▸ **Exercise**: Transcribe exactly, please, the line bearing "Praktische Salatschleuder, die" and all later lines through the end of the records, with the pictures left out.

*** Exercise material Section Begins ***

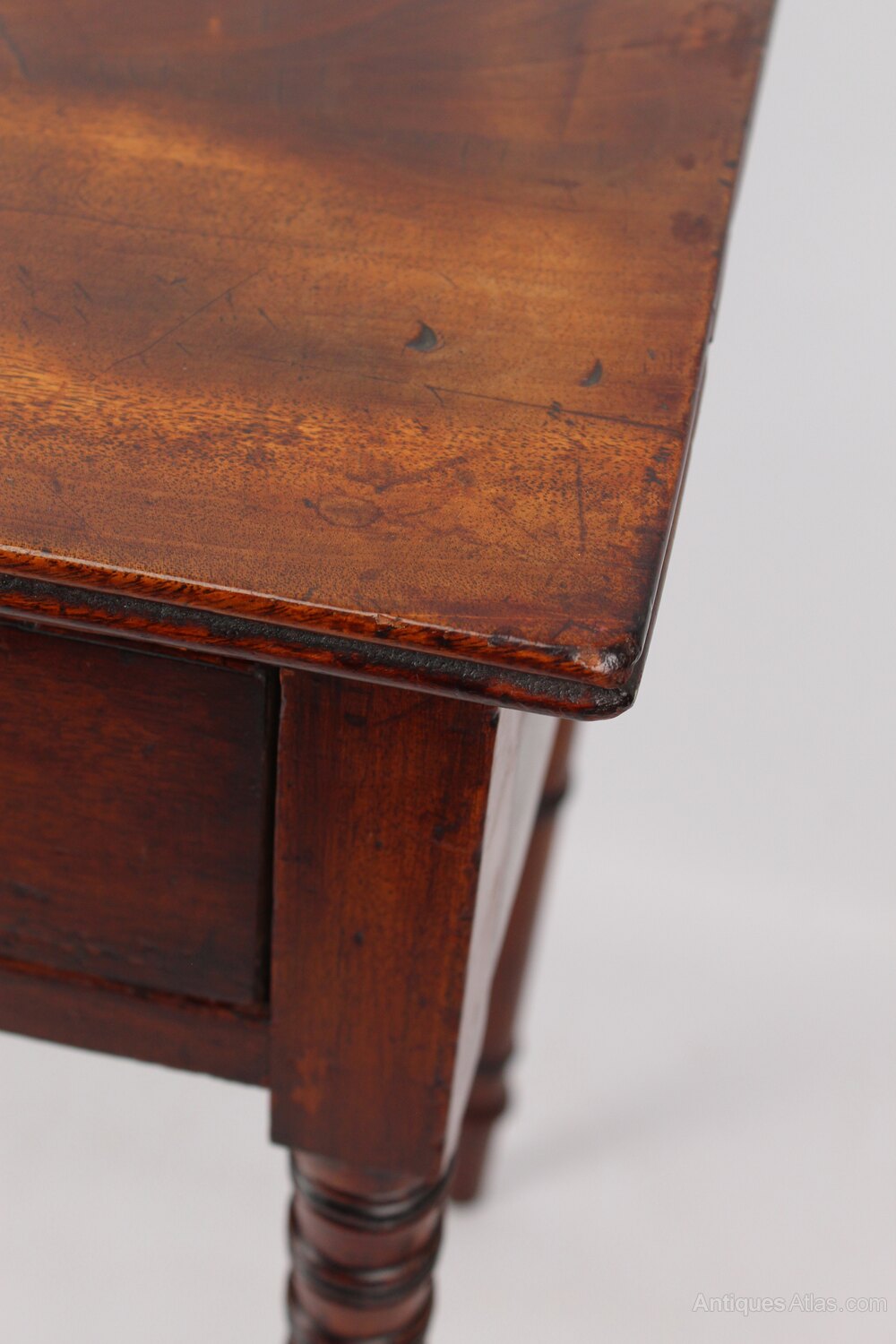 Good original condition – solid and sturdy. Nice patina to the wood. Marks, scuffs and wear commensurate with age. Some slight splitting to the top which has been filled with wax at some point.
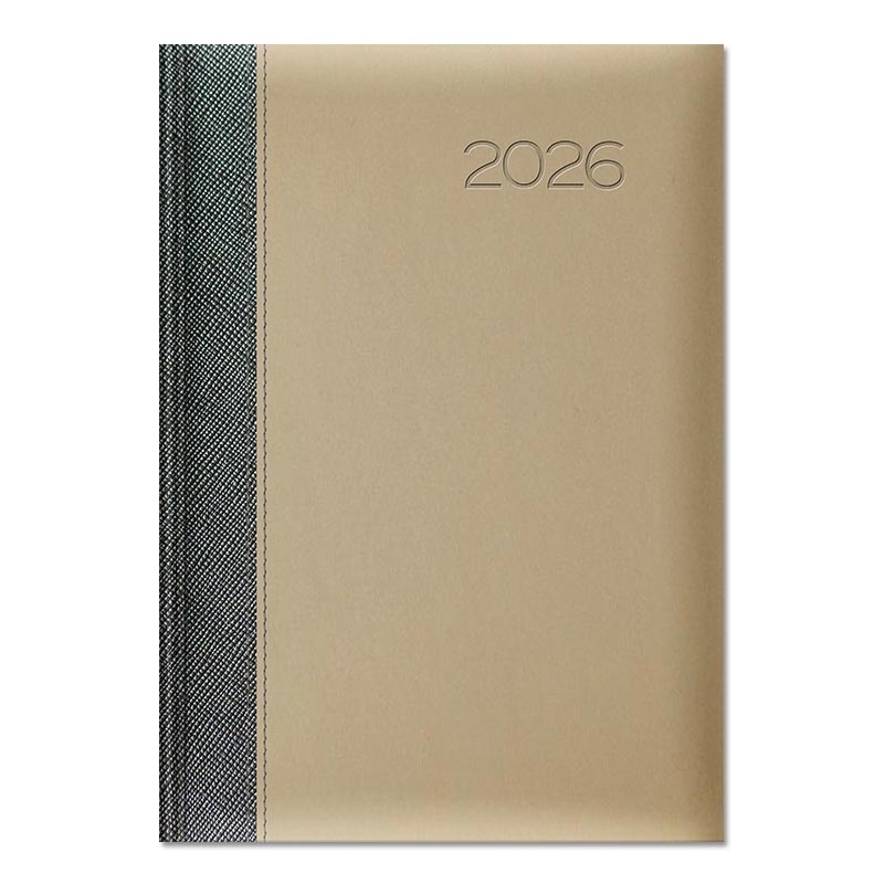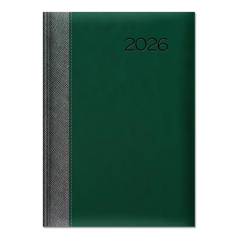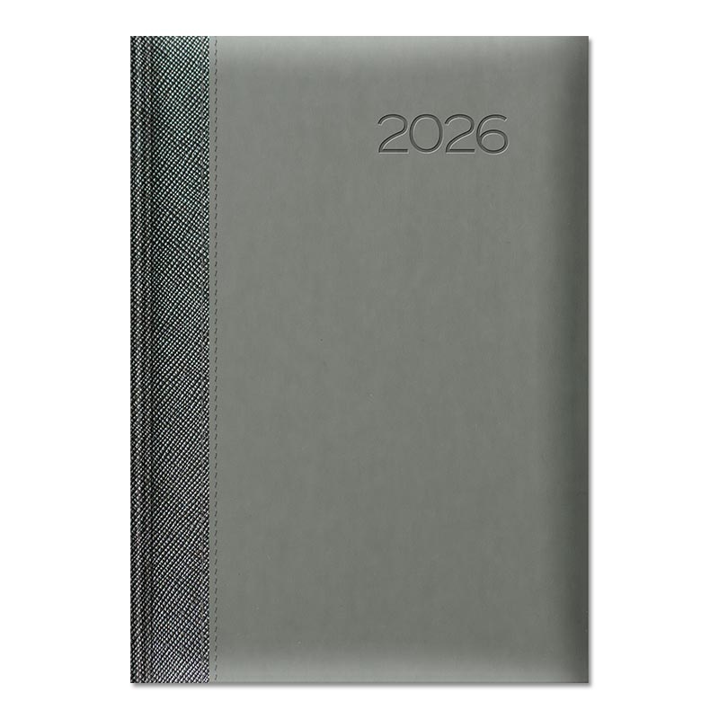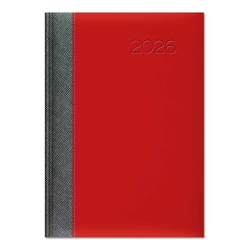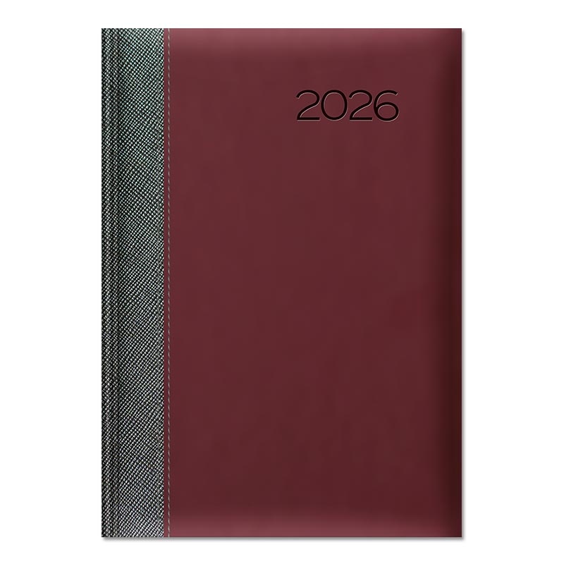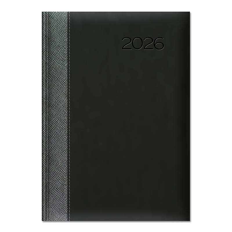 Oprawa twarda zmiękczona gąbką, z przeszyciem. Połączenie na grzbiecie oprawy METALIC z oprawą matową VELVET. Rok tłoczony na gorąco z przebarwieniem, możliwość personalizacji oraz głębokiego tłoczenia logo firmy.
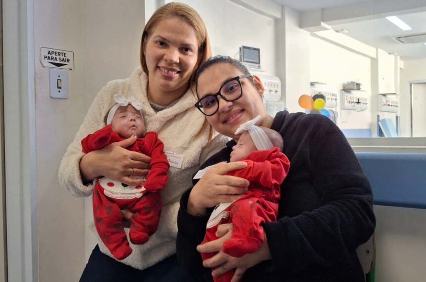 Foram dias de luta, esperança e cuidado constante. Myrella e Heloysa nasceram prematuras, de apenas 24 semanas, no dia 9 de junho. Desde o primeiro instante de vida, contaram com o olhar atento e a dedicação integral da equipe da UTI Neo-Natal do Hospital Nardini. Cada pequeno avanço foi celebrado, cada dificuldade enfrentada em conjunto — bebês, família e profissionais unidos pelo mesmo propósito: a vida.
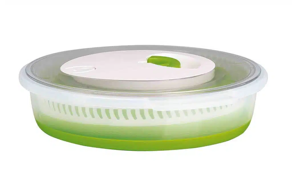 Praktische Salatschleuder, die gleich mehrfach punktet: einfach in der Handhabung, stabil, langlebig und platzsparend zu verstauen.
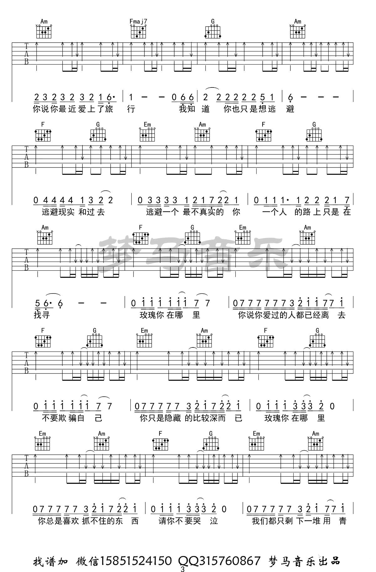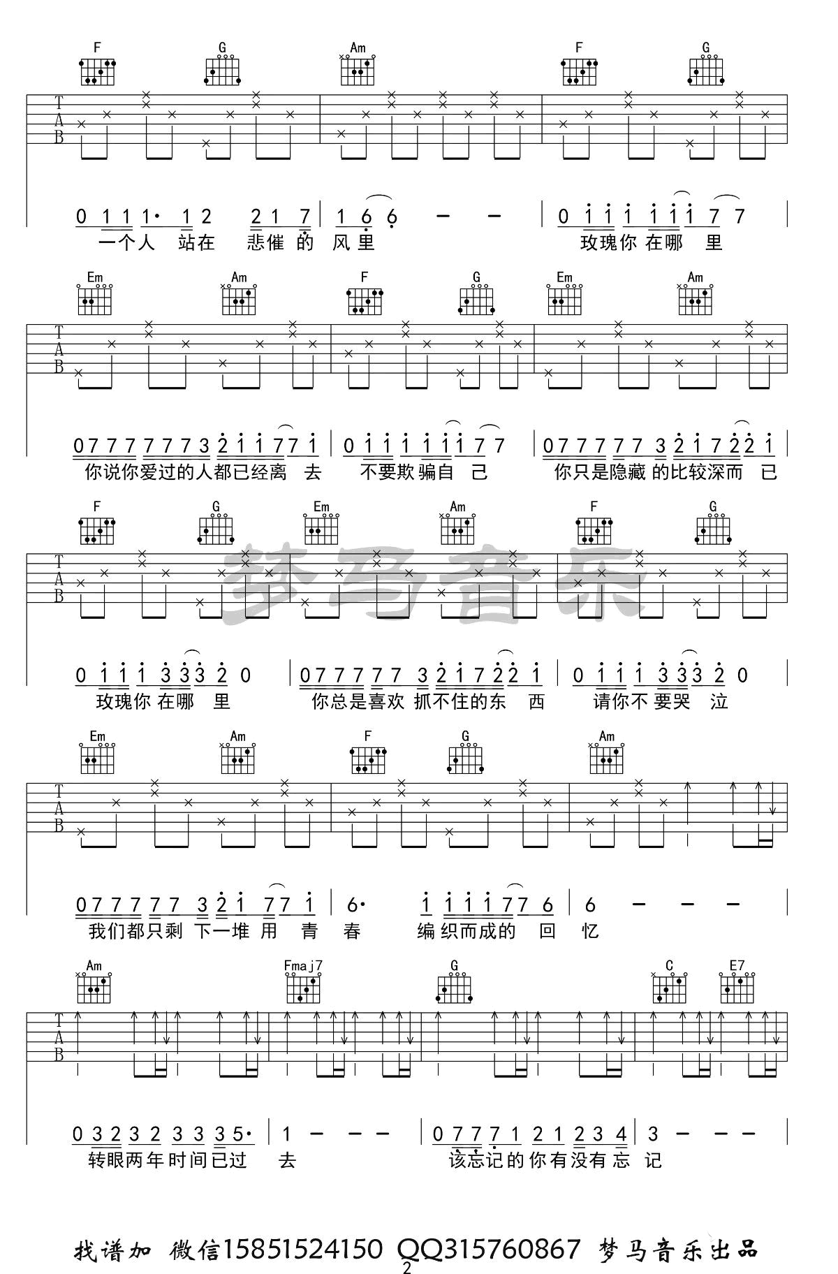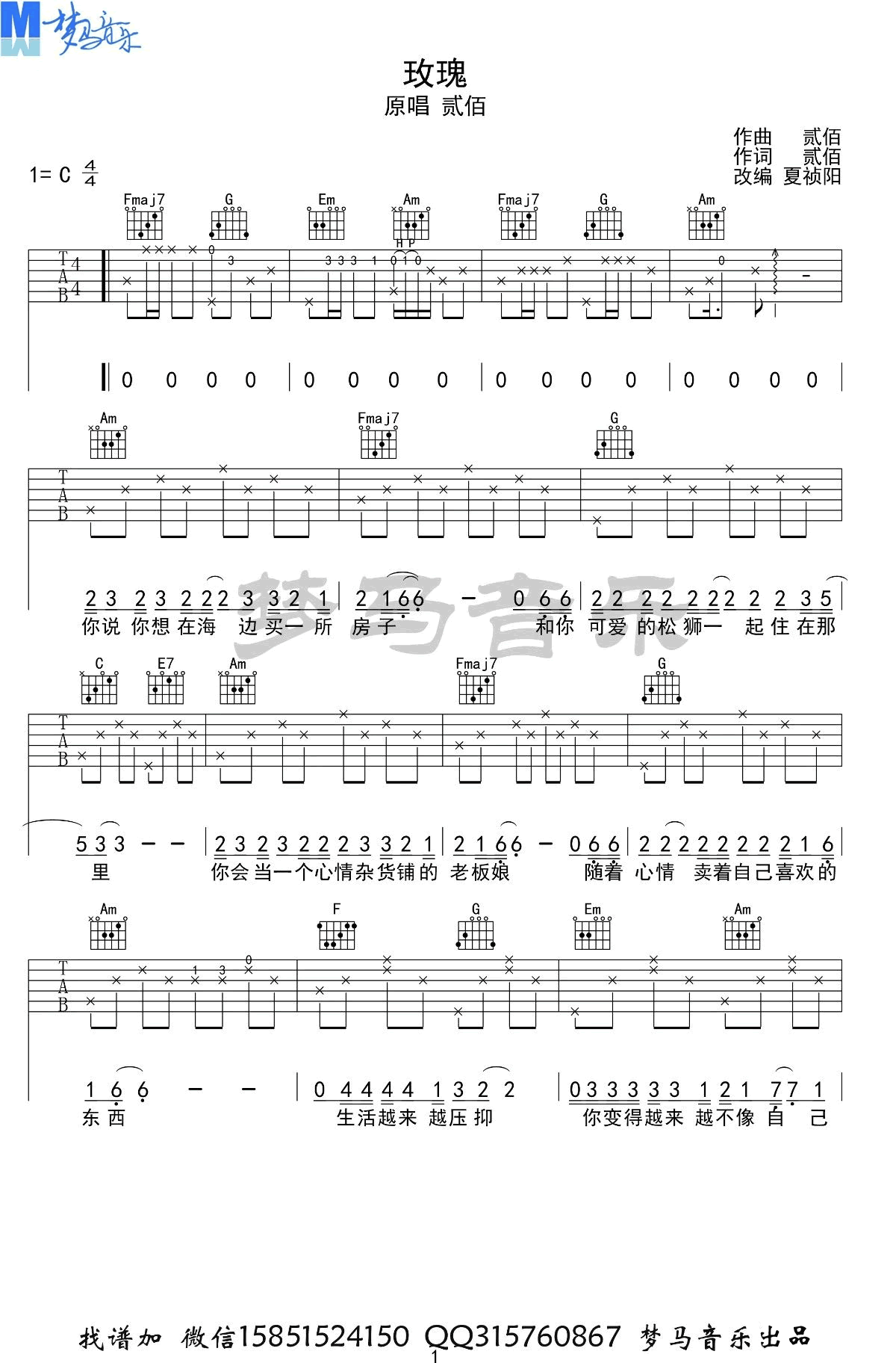 - 贰佰玫瑰吉他谱_C调原版_弹唱六线谱

*** Exercise material Section Ends ***

▸ **Output of the task**:
 Praktische Salatschleuder, die gleich mehrfach punktet: einfach in der Handhabung, stabil, langlebig und platzsparend zu verstauen.
 - 贰佰玫瑰吉他谱_C调原版_弹唱六线谱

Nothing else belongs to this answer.